You are given an array of length n which was originally sorted in ascending order. It has now been rotated between 1 and n times. For example, the array nums = [1,2,3,4,5,6] might become:

[3,4,5,6,1,2] if it was rotated 4 times.
[1,2,3,4,5,6] if it was rotated 6 times.

Given the rotated sorted array nums and an integer target, return the index of target within nums, or -1 if it is not present.
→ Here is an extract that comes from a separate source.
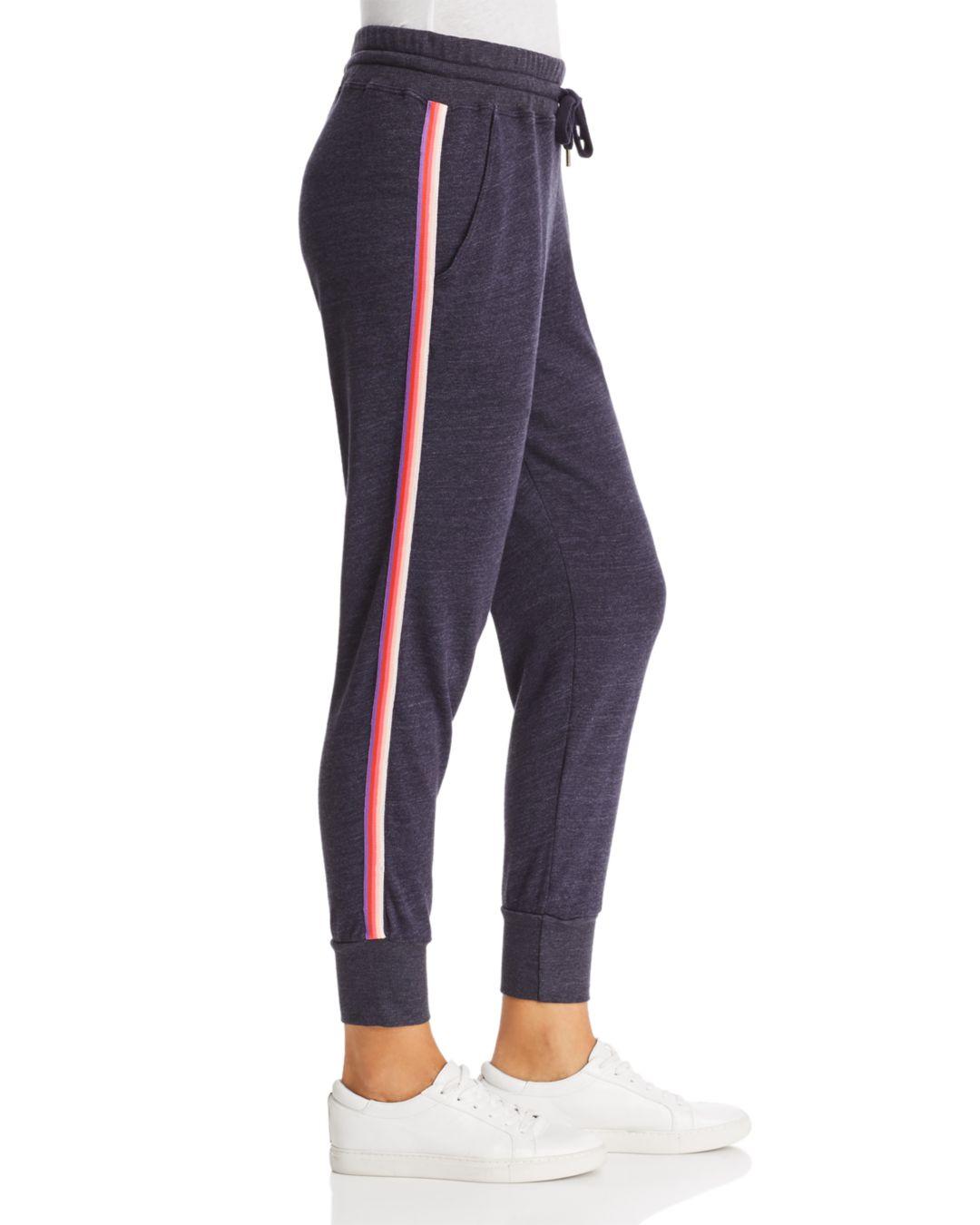 Go to Bloomingdale'sFits true to size, order your normal size. 10.75" rise, 27.75" inseam, based on a size 1/small. Model measurements: 5'10" height, 33.5" bust, 23.5" waist, 34.5" hips, wearing a size 1/small. Elasticized, rib-knit drawstring waist. Side slit pockets. Rainbow track stripes at sides. Rib-knit cuffs. Pull-on style. 50% polyester/38% cotton/12% rayon. Colour: blue

You may assume all elements in the sorted rotated array nums are unique,

A solution that runs in O(n) time is trivial, can you write an algorithm that runs in O(log n) time?

Example 1:

Input: nums = [3,4,5,6,1,2], target = 1

Output: 4

Example 2:

Input: nums = [3,5,6,0,1,2], target = 4

Output: -1

Constraints:

1 <= nums.length <= 1000
-1000 <= nums[i] <= 1000
-1000 <= target <= 1000
All values of nums are unique.
nums is an ascending array that is possibly rotated.

Topics

Array Binary Search

Recommended Time & Space Complexity

You should aim for a solution with O(logn) time and O(1) space, where n is the size of the input array.

Hint 1

A brute force solution would be to do a linear search on the array to find the target element. This would be an O(n) solution. Can you think of a better way? Maybe an efficient searching algorithm is helpful.

Hint 2

Given that the array is rotated after sorting, elements from the right end are moved to the left end one by one, creating two sorted segments separated by a deflection point due to the rotation. For example, consider the array [3, 4, 1, 2], which is rotated twice, resulting in two sorted segments: [3, 4] and [1, 2]. In a fully sorted array, it's easy to find the target. So, if you can identify the deflection point (cut), you can perform a binary search on both segments to find the target element. Can you use binary search to find this cut?

Hint 3

We perform a binary search on the array with pointers l and r, which belong to two different sorted segments. For example, in [3, 4, 5, 6, 1, 2, 3], l = 0, r = 6, and mid = 3. At least two of l, mid, and r will always be in the same sorted segment. Can you find conditions to eliminate one half and continue the binary search? Perhaps analyzing all possible conditions for l, mid, and r may help.

Hint 4

There are two cases: l and mid belong to the left sorted segment, or mid and r belong to the right sorted segment. If l and mid are in the same segment, nums[l] < nums[mid], so the pivot index must lie in the right part. If mid and r are in the same segment, nums[mid] < nums[r], so the pivot index must lie in the left part. After the binary search, we eventually find the pivot index. Once the pivot is found, it's straightforward to select the segment where the target lies and perform a binary search on that segement to find its position. If we don't find the target, we return -1.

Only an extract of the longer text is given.